В следующее воскресенье мы уже знали ответ – не теоретически, из карты, а практически: мы отправились туда на «бьюике» Боба (точнее, Мириам) со скоростью восемьдесят миль в час. Мурсия, штат Калифорния, представляла собой две красные заправочные колонки и крошечную бакалейную лавчонку на югозападной оконечности пустыни Мохаве.
Долгая засуха кончилась два дня назад. Небо было все еще затянуто тучами, с запада устойчиво дул холодный ветер. Под шапкой сероватых облаков горы Сан-Габриэль казались призрачными и белели свежевыпавшим снегом. Однако далеко в пустыне, на севере, сверкала длинная узкая полоса золотого солнца. Вокруг преобладали темно-серые и серебряные, а также бледно-золотые и желтовато-коричневые цвета пустынной растительности – полыни, чертополоха и гречихи; кое-где виднелись раскорячившиеся юкки – у одних стволы были гладкими, у других покрыты высохшими колючками, а концы их изломанных ветвей украшали гроздья шипов зеленоватого металлического оттенка.
Глухой старик, которому нам пришлось кричать в ухо, в конце концов понял, о чем мы его спрашиваем. Ранчо Коттонвуд? Еще бы не знать! Нужно проехать примерно милю на юг по этой грязной дороге, потом повернуть на восток, проехать еще три четверти мили вдоль оросительной канавы – и все. Старик собрался было сообщить нам еще какие-то подробности, но Бобу стало невтерпеж. Он выжал сцепление, и мы уехали.
Вдоль канавы росли посаженные человеческой рукой ивы и тополя, пытавшиеся среди этой суровой пустынной растительности жить другой, более легкой и приятной жизнью. Сейчас они были безлисты – скелеты деревьев, белеющие на фоне неба, но мне ясно виделось, какой сочной будет через три месяца зелень их молодых листьев в лучах палящего солнца.
Слишком быстро ехавшую машину неожиданно тряхнуло на выбоине. Боб чертыхнулся.
– Не понимаю, как нормальный человек мог поселиться в конце такой дороги.
– Вероятно, он просто ездит медленнее, – осмелился предположить я.
Боб не удостоил меня даже взглядом. Машина продолжала грохотать на той же скорости. Я попытался сосредоточиться на пейзаже.
Тем временем пустыня бесшумно, но необычайно стремительно преобразилась. Тучи разогнало, и солнце освещало теперь ближайшие к нам обрывистые и иззубренные холмы, которые неизвестно почему вздымались среди бескрайней равнины, словно острова.

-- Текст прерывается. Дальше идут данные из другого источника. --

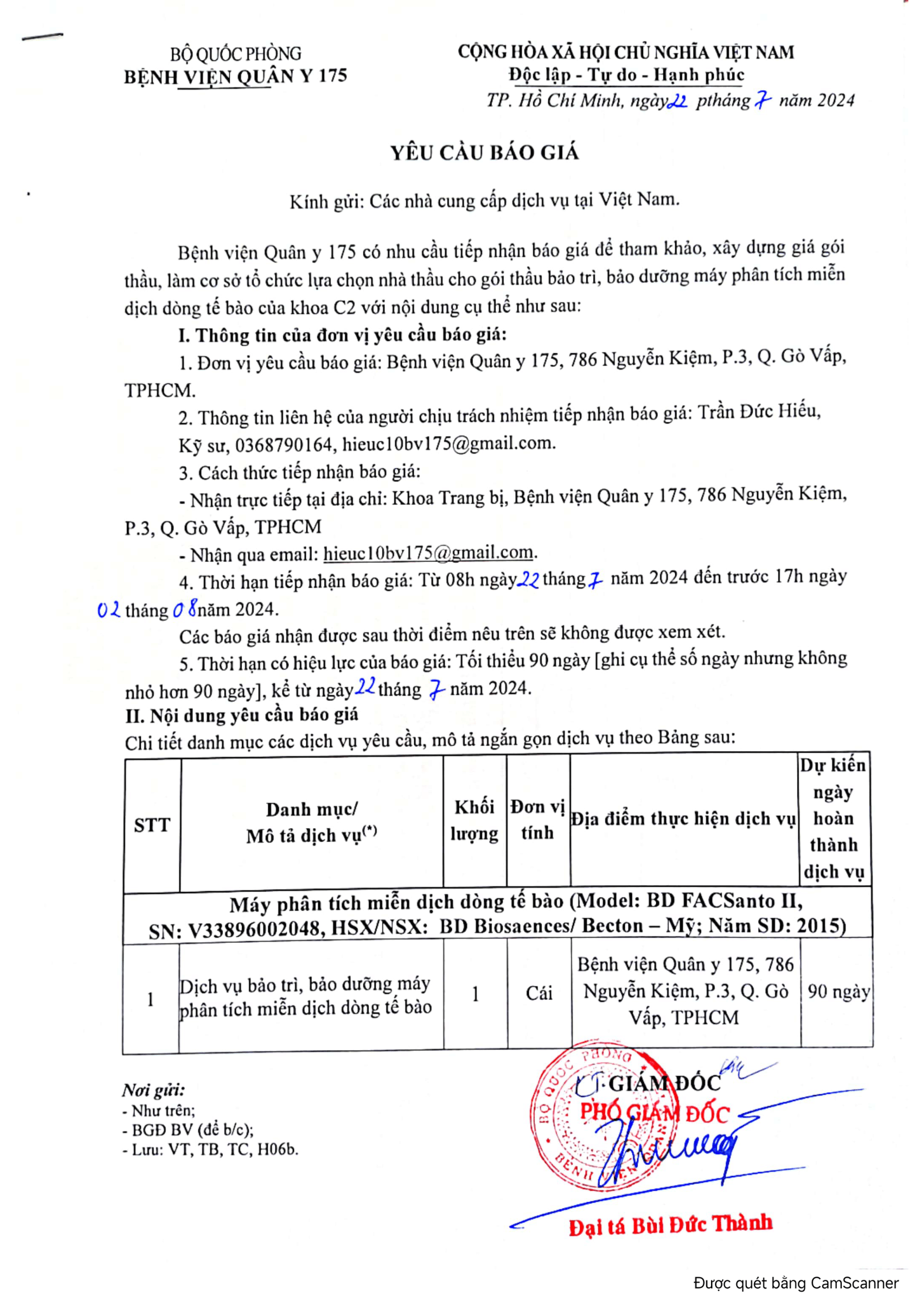 - Đơn vị yêu cầu báo giá: Bệnh viện Quân y 175, 786 Nguyễn Kiệm, P.3, Q. Gò Vấp, TPHCM.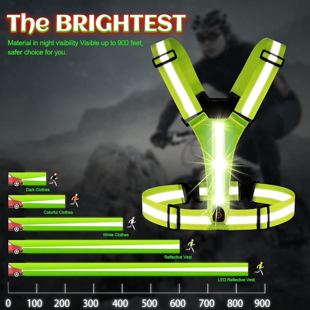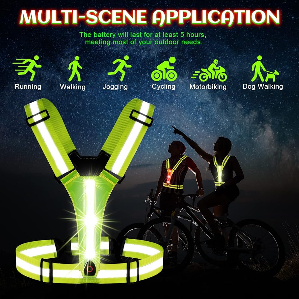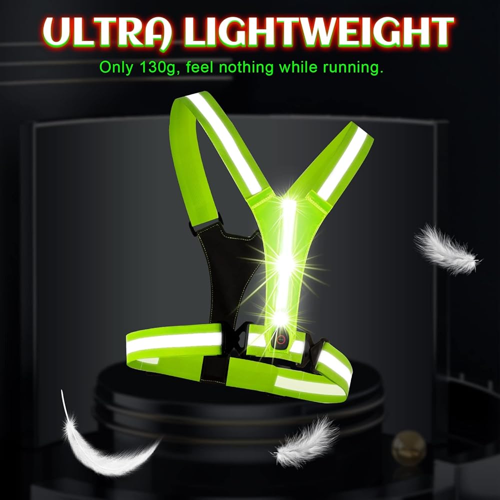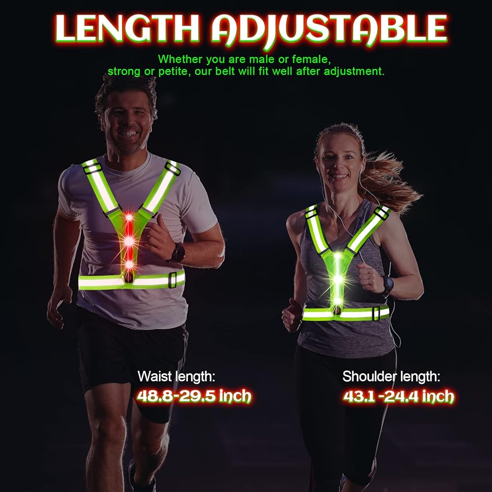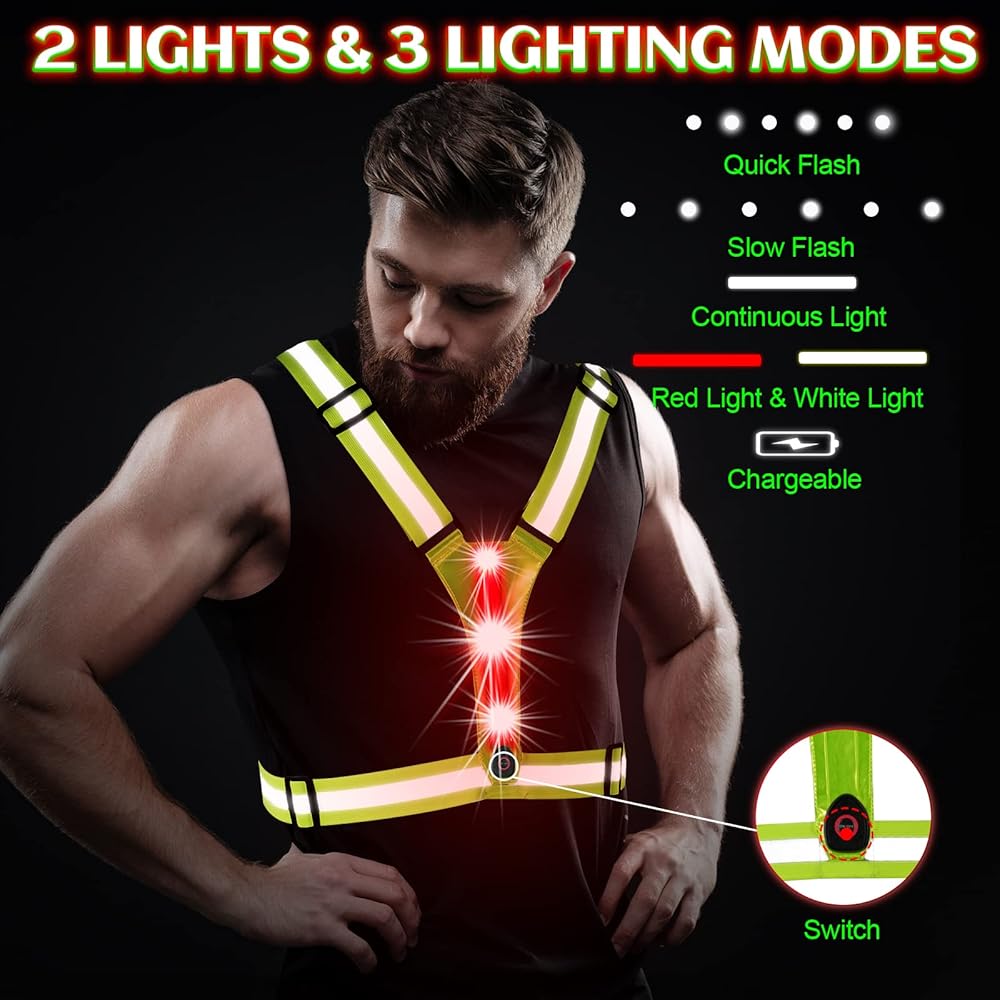 • سترة LED وعاكسة للضوء: تمت ترقيتها حديثًا، والمفتاح ومنفذ الشحن واضحان. بالإضافة إلى المادة العاكسة عالية الجودة، توفر سترة الجري المضيئة هذه رؤية بحد أقصى 800 قدم مع أضواء خضراء وحمراء في الأمام والخلف، ويمكنك ضبط وضع وميض الضوء بحرية.

Еще минуту назад они были черны и мертвы. Теперь – внезапно ожили; перед ними еще лежала тень, за ними клубилась тьма. Они словно светились сами по себе.
Я тронул Боба за руку и указал на холмы:
– Теперь понимаешь, почему Тэллис поселился в конце этой дороги?
Боб быстро посмотрел в сторону, объехал упавшую юкку, еще раз на долю секунды задержал взгляд на пустыне и снова перевел глаза на дорогу.
– Это напоминает мне одну гравюру Гойи – ты знаешь, о чем я говорю. Женщина едет верхом на жеребце, а тот, повернув голову и захватив зубами край ее платья, старается стащить всадницу с седла или разорвать ее одежду. Она смеется, радуется как сумасшедшая. А на заднем плане – равнина с такими же, как здесь, торчащими холмами. Но если к холмам Гойи присмотреться, то видишь, что это вовсе не холмы, а припавшие к земле животные – наполовину крысы, наполовину ящерицы величиною с гору. Я купил Элейн репродукцию этой гравюры.
Снова наступило молчание, и я подумал, что Элейн не поняла намека. Она позволила жеребцу стащить себя на землю и лежала, безудержно хохоча, а крупные зубы уже рвали ее корсаж, в клочья раздирали юбку, пощипывали нежную кожу; это было страшно и восхитительно – трепет перед неминуемой болью. А потом, в Акапулько, огромные крысы-ящерицы восстали от своего каменного сна, и бедняга Боб внезапно оказался не в окружении прелестных и томных граций или роя смешливых купидонов с розовыми попками, а среди чудовищ.
Тем временем мы добрались до места. За росшими вдоль канавы деревьями, под высоченным тополем стоял белый каркасный дом, по одну сторону которого виднелась ветряная мельница, по другую – амбар из рифленого железа. Ворота были закрыты. Боб остановил машину, и мы вылезли. К столбу ворот была прибита белая доска. На ней красовалась выведенная неумелой рукой ярко-красная надпись:
Пиявки лобзанья, и спрута объятья,
И ласки гориллы, от похоти шалой…
А люди вам нравятся – ваши собратья?
Да нет, пожалуй.
Это про тебя, ступай отсюда.
– Похоже, мы приехали правильно, – заметил я.
Боб кивнул. Мы открыли ворота, прошли по плотно утоптанной земле широкого двора и постучались. Дверь отворилась почти мгновенно: на пороге стояла полная пожилая женщина в очках, одетая в голубое хлопчатобумажное платье в цветочек и видавшую виды красную кофту. Женщина дружелюбно улыбнулась и спросила:
– Сломалась машина?
Мы отрицательно покачали головами, и Боб объяснил, что мы приехали к мистеру Тэллису.
– К мистеру Тэллису?
Улыбка на лице нашей собеседницы увяла; женщина посерьезнела и покачала головой.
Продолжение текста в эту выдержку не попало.